One of the most devastating tornadoes ever blew through Moore, Okla., last night, killing at least 24 people and leaving the city in ruins. President Barack Obama declared Oklahoma a disaster zone and pledged federal aid for areas within the state affected by tornadoes. The immediate focus for government officials is on finding the missing and helping residents come to grips with the extent of the destruction.
As the Oklahoma City suburb begins to rebuild, many residents are likely to rely on grants from the Federal Emergency Management Agency, insurance payouts, and loans from what might seem an unlikely source: the Small Business Administration. Due to a quirk in Congressional history, homeowners and renters can apply for loans from the SBA, regardless of whether they own a business.
The agency makes loans of up to up to $200,000 to rebuild or repair a place of primary residence in federal disaster areas, plus up to $40,000 to help homeowners and renters replace uninsured personal property. About 90 percent of the SBA’s disaster home loans carry rates of 1.875 percent, according to SBA spokeswoman Carol Chastang.

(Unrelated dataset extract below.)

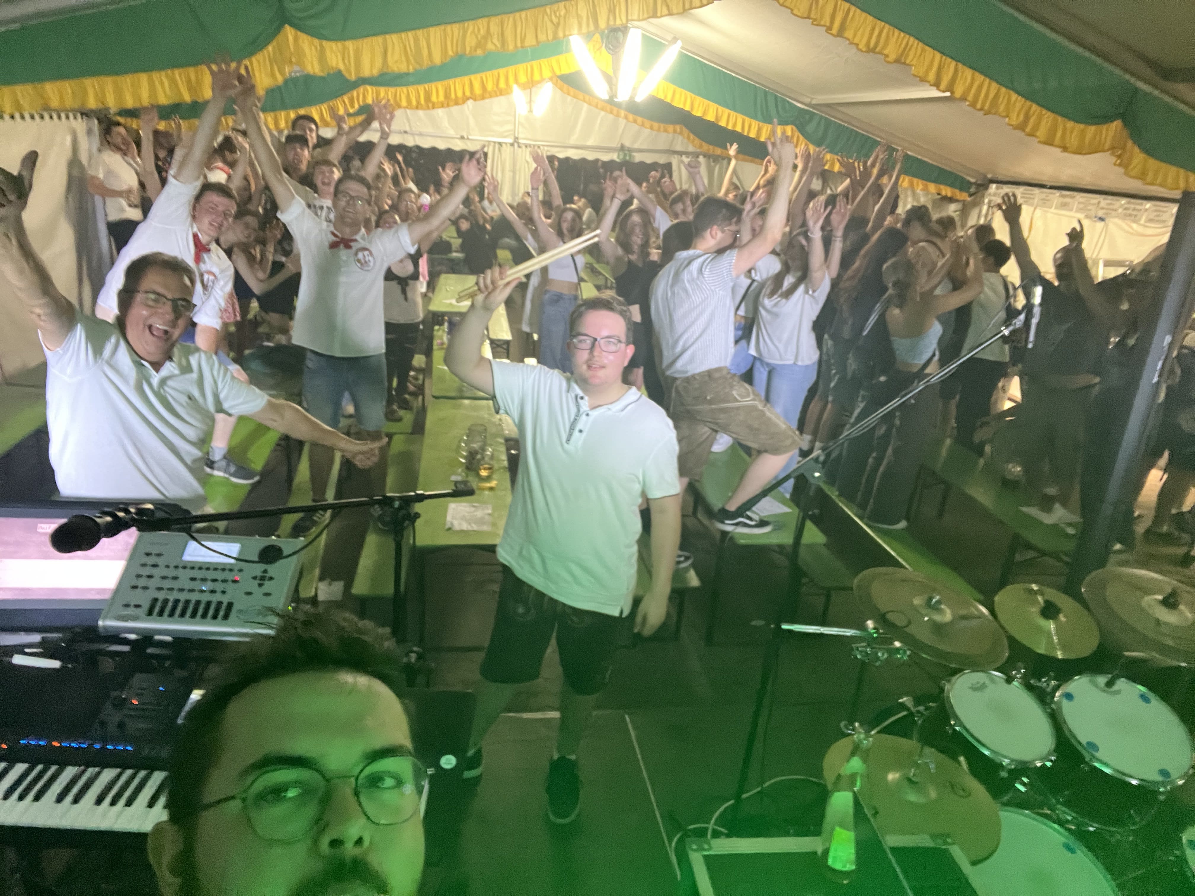 ab dem ersten Kontakt alles sehr familiär und mit Interesse was wir erwarten und erwarten können. Dafür kam die Band bei uns an und wusste ab dem ersten Moment was zu tun ist - von der Lautstärke bis zur Musik. Unser kleines Kirchweihzelt (ca. 300 Personen) stand, der Außenbereich wurde leicht mit beschallt und alle von den Gästen über die Organisatoren bis zur Band hatten ihren Spaß und man hat die Lust der Band gespürt.

In addition, the agency makes physical disaster loans to businesses of all sizes to cover uninsured losses on property—including property, machinery, and inventory—that has been damaged or destroyed. The SBA also makes working capital loans to cover such business costs as rent and equipment that can’t be met due to the disaster.
Both programs offer businesses loans of up to $2 million at 4 percent interest rates and terms of up to 30 years. Nonprofits can borrow as much as $2 million to meet working capital needs, at 2.875 percent.
The first step for business owners and homeowners seeking federal assistance is to register with FEMA (call 1-800-621-3362 or visit DisasterAssistance.gov), says Chastang. The president’s declaration also covers further tornadoes hitting Oklahoma since May 18. To apply for SBA disaster loans, visit the agency’s website, or call its customer service center at 1-800-659-2955.